We build and invent technology to improve our lives. Until recently, most technology improved our lives without needing any information about us - think of a dishwasher, for example.

This one-size-fits all approach didn’t work for everything, however — remember the excitement about the ‘big data’ revolution? We realized that ‘wisdom’ could be pulled from our data to be used to personalize or improve that technology to better our lives.

Sometimes these apps or devices need sensitive personal information: locations, health data (heartbeat, sleep, prescriptions), financial information, biometrics (finger prints, photos of our faces), data from all the sensors in our smart-devices (internet of things), and our political data (our political interests, views, history, personal connections and beliefs).  Some would even argue that all data is sensitive data (see Sensitive Says Who?, and All Your Data is Health Data, and If I have nothing to hide, why should I care about my privacy?).

Today, there is too much uncontrolled access to data.

Currently, we often allow companies to access, store, sell, and use this data in exchange for their services.  In addition, we often have to provide much more information about ourselves than necessary in order to prove or verify a specific aspect about ourselves or use a certain service. This harms us in two ways.

  1. The first and most obvious way is that the data that is stored somewhere, out of our control, and can be hacked or stolen (see World’s Biggest Data Breaches & Hacks) and then used against us in a variety of ways.
  2. The second is a way that snuck up on us: our data can be used to influence our behaviour in ways that aren’t in our best interest (as we’ve seen with the attention economy, targeted political manipulation). This is often motivated by financial or political incentives, such as surveillance capitalism.

On the other hand, there simultaneously hasn’t been enough access to the insights from important data.

Do you remember the promises of the ‘big data’ revolution and all the promises of AI? Research and development for healthcare, science, economics, environmental studies, and more was going to blossom. However, while certain areas of research have certainly blossomed, some of the most important areas haven’t, often due to a lack of the necessary quality and quantity of data.

Many of the huge improvements in AI have come from the availability of large, high quality datasets available to researchers  — for example, IBM Watson’s success on jeopardy, relied on Wikipedia’s release of a structured dataset derived from their articles.  The availability of ImageNet, a large, high-quality image dataset, led directly to rapid progress in computer vision. For good reasons, we have barriers and safeguards that prevent us from releasing a large dataset of the world’s most sensitive and valuable information. But as it turns out, sensitive data is exactly what you need to solve some pretty important problems, especially in healthcare.
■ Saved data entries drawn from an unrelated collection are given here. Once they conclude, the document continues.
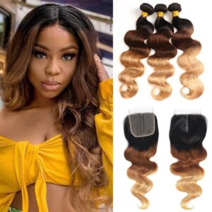 Colored Bundles With Closure Body Wave Brazilian Human Hair Weave Bundles T Lace Closure Remy Ombre Brown Straight Extension
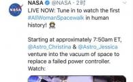 美國國家航空航天局(NASA)在 Twitter 上宣布,實(shí)現了首次全女性宇航員太空行走。本次太空行走由女性宇航員杰西卡·梅爾和女性宇航員
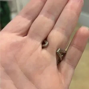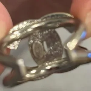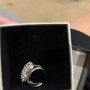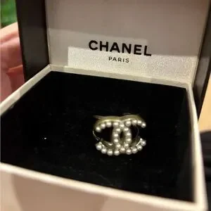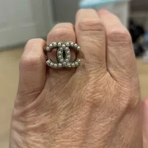 Luxurious CHANEL ring with iconic logo. Silver finish with elegant pearl detailing. A statement piece for any occasion. This comes in a Chanel box but no dust bag. It is adjustable from a size 7 but I would have a jeweler tighten or expand it by one size. I never tried and the metal is firm. I can’t get a clear picture of the tag inside. Make me an offer. I love this ring but I never wear it. Time for someone else to love it.

A common solution proposed for this problem is open-access, ‘anonymized’ datasets. Although these have good intentions (e.g. to cure cancer) it still leaves us with two problems:

  1. First, there’s still lots of important data that will never be able to be released in an open-access dataset. Sometimes the data is proprietary, sometimes it’s just far too personal. So this model won’t ever solve the original problem fully.
  2. Second, if this data is human-centric data (i.e. rather than a large dataset of plant or bacteria genomes) this could cause even more problems than it solves:
  3. We now know that datasets can be de-anonymized, and linked to other public datasets to identify even more information about the individual.
  4. We truly don’t yet know what sort of sensitive information can be inferred from seemingly anonymous, non-sensitive data. For example, it's possible to predict the age and sex of a patient from some medical images. and we've seen that in some cases,

How can we allow controlled access to insights from important data?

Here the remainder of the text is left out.